L’ordonnance de clôture a été rendue le 10 février 2026.
MOTIFS DE LA DÉCISION
Sur la procédure
Sur la demande de nullité de la déclaration d’appel
Se fondant sur l’article 901, 1° sous b) du code de procédure civile qui exige que cet acte comporte, lorsque l’appelante est une personne morale, 'sa forme, sa dénomination, son siège social et l’organisme qui la représente légalement', les intimées en poursuivent la nullité en ce qu’il mentionne que son siège social est situé [Adresse 4], alors que deux commissaires de justice ont dressé, les 19 et 25 août 2025, deux procès-verbaux de recherches infructueuses, le siège social figurant sur son Kbis n’ayant pas été identifié, qu’il s’agit donc d’une adresse erronée et que cela constitue pour elles un grief puisque cette inexactitude les empêche de poursuivre l’exécution de l’arrêt à intervenir.
L’appelante poursuit, quant à elle, le rejet de ce moyen en affirmant que cette adresse constitue bien le lieu de son siège social, identique à celle figurant sur son Kbis, que le greffe n’a fait aucune diligence pour solliciter des justifications sur son siège social pas plus qu’il n’a procédé à une rectification ou, à défaut, une radiation, que l’affirmation de ses adversaires ne repose que sur les diligences de deux commissaires de justice, qu’elles ne remettent pourtant pas en cause le fait que leurs lettres recommandées leur sont bien parvenues, que son nom apparaît sur la boîte aux lettres ou encore qu’un acte de signification lui a bien été adressé à cette adresse le 12 novembre 2025 (pièces n° 17 à 20)
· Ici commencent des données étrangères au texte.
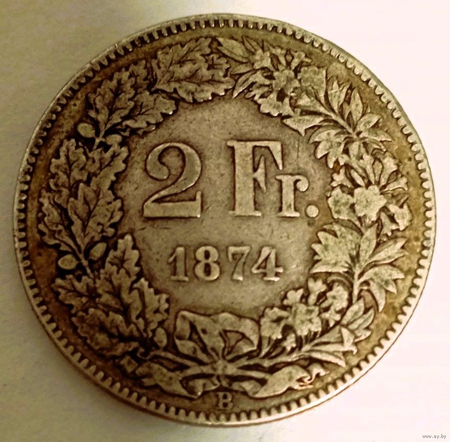 2 франка 1874, Швейцария, вес монеты 10г, серебро, интересная монетка для коллекции! Продается близко к цене металла! Серебро растет!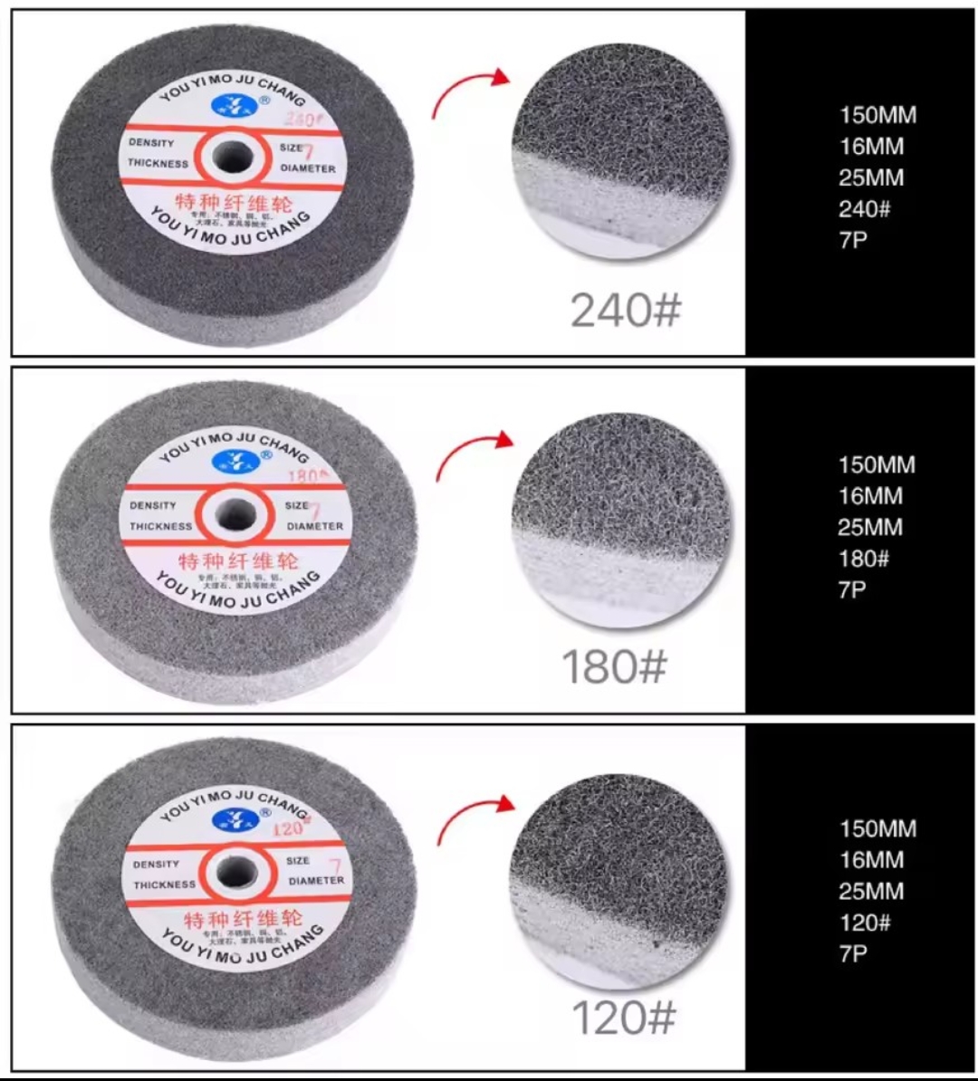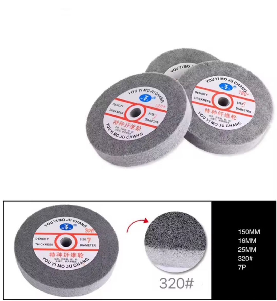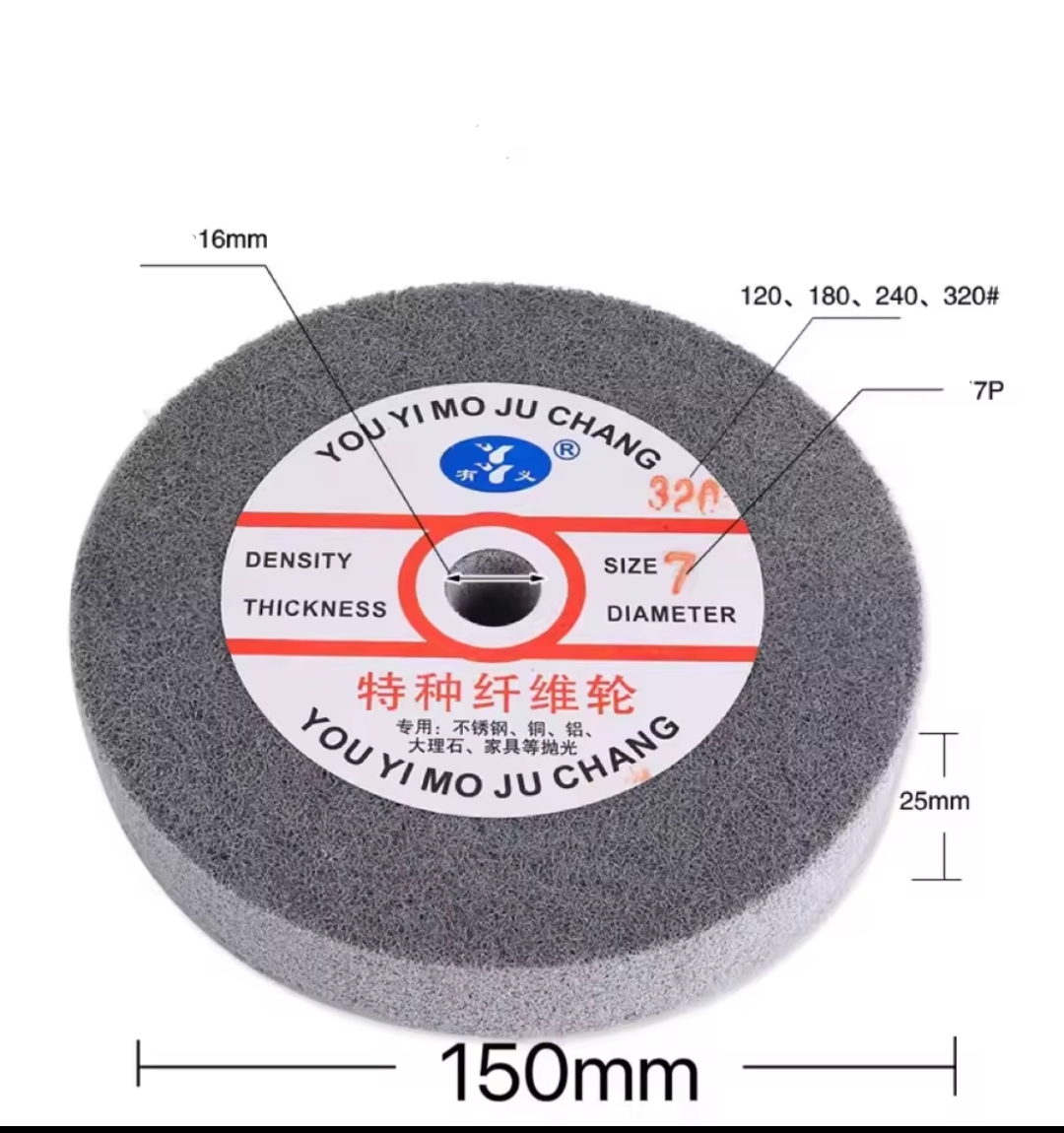 גלגל פוליש מתכת 150*25mm דיסק אברסיבי ניילון סיבים 5P/ 7P/9P אפשרויות #120 #180 #240 #320 לפעולות פוליש

Ceci étant dit, il y a lieu de considérer que cette demande de nullité ne relève pas de la compétence exclusive du président de la chambre saisie ou du magistrat délégué prévue à l’article 906-2 du code de procédure civile en ce que ce texte ne vise que l’irrecevabilité de l’appel, de sorte qu’elle doit être déclarée recevable.
Mais, sur le fond, il résulte de la doctrine de la Cour de cassation 'que pour l’application de l’article 901 du code de procédure civile, une société, tant qu’elle n’a pas fait choix d’un nouveau siège social, est réputée conserver son siège social au lieu fixé par les statuts et publié au registre du commerce, sous réserve de la preuve de son caractère fictif ou frauduleux’ (Cass civ 2ème, 17 février 2011, pourvoi n° 08-19.952).
En l’absence d’une telle démonstration et eu égard aux pièces produites par l’appelante, ce moyen de nullité ne peut prospérer.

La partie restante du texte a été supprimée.